Le magazine télévisé Thalassa, spécialisé sur l’actualité de la mer, a lâché une véritable petite bombe politique dernièrement, avec son interview de la Ministre de l’Environnement, Ségolène Royal. Cet entretien se plaçait juste après une enquête sur un scandale environnemental vieux de 50 ans, le déversement de boues rouges issus du procédé de traitement du minerai de bauxite pour produire de l’aluminium. Riches en métaux lourds et très acides, ces boues sont rejetées en plein coeur du Parc National des Calanques, en Méditerranée, impactant l’environnement marin à divers degrés.

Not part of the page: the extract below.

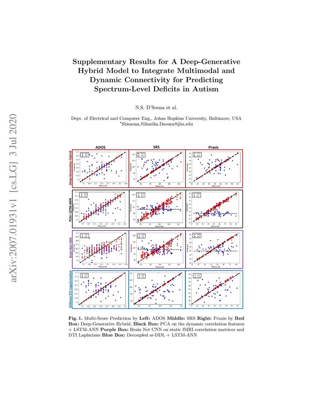 We propose an integrated deep-generative framework, that jointly models complementary information from resting-state functional MRI (rs-fMRI) connectivity and diffusion tensor imaging (DTI) tractography to extract predictive biomarkers of a disease. The generative part of our framework is a structurally-regularized Dynamic Dictionary Learning (sr-DDL) model that decomposes the dynamic rs-fMRI correlation matrices into a collection of shared basis networks and time varying patient-specific loadings. This matrix factorization is guided by the DTI tractography matrices to learn anatomically informed connectivity profiles. The deep part of our framework is an LSTM-ANN block, which models the temporal evolution of the patient sr-DDL loadings to predict multidimensional clinical severity. Our coupled optimization procedure collectively estimates the basis networks, the patient-specific dynamic loadings, and the neural network weights. We validate our framework on a multi-score prediction task in 57 patients diagnosed with Autism Spectrum Disorder (ASD). Our hybrid model outperforms state-of-the-art baselines in a five-fold cross validated setting and extracts interpretable multimodal neural signatures of brain dysfunction in ASD.

Si l’enquête de Thalasssa s’avère complète et très documentée, la réponse de la Ministre de l’Environnement, qui renvoi la responsabilité du renouvellement de l’autorisation de rejet en milieu marin sur le Premier Ministre, la conduite de la préfecture ainsi que la nature de ces rejets méritent quelques éclaircissements pour déterminer qui est responsable d’une pollution d’une telle ampleur.

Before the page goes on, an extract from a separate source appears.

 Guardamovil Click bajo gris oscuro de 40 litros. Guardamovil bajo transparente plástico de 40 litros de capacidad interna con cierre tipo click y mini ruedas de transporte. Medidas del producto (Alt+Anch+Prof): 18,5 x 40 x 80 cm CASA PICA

Un scandale politique autant qu’environnemental, qui dure depuis 50 ans
Pour bien comprendre cette histoire il nous faut remonter 50 ans en arrière, en 1966. A cette époque le site de Gardanne était la propriété de Pechiney et démarre le traitement du minerai de bauxite pour en faire de l’alumine, donnant ensuite de l’aluminium industriel.
Le procédé Bayer, utilisé pour traiter la bauxite et utilisé pour la première fois au monde à Gardanne, produit environ deux tonnes de boues rouges pour une tonne d’alumine. Le soucis est que ces boues sont très riches en métaux lourds (arsenic, mercure, titane, fer…) et donc très polluantes, limitant les possibilités pour leur retraitement. Le moyen le plus utilisé dans le monde est donc le stockage dans de gigantesques piscines. Mais à Gardanne les ingénieurs vont avoir une autre idée : construire une canalisation de plus de 50 Km de long, qui déversera ces boues rouges à 350 mètres de fond à 7 Km au large de Cassis. Jusqu’en 2015, c’est 20 millions de tonnes qui ont ainsi été déversées au fond de la mer… à la parfaite connaissance des services de l’Etat.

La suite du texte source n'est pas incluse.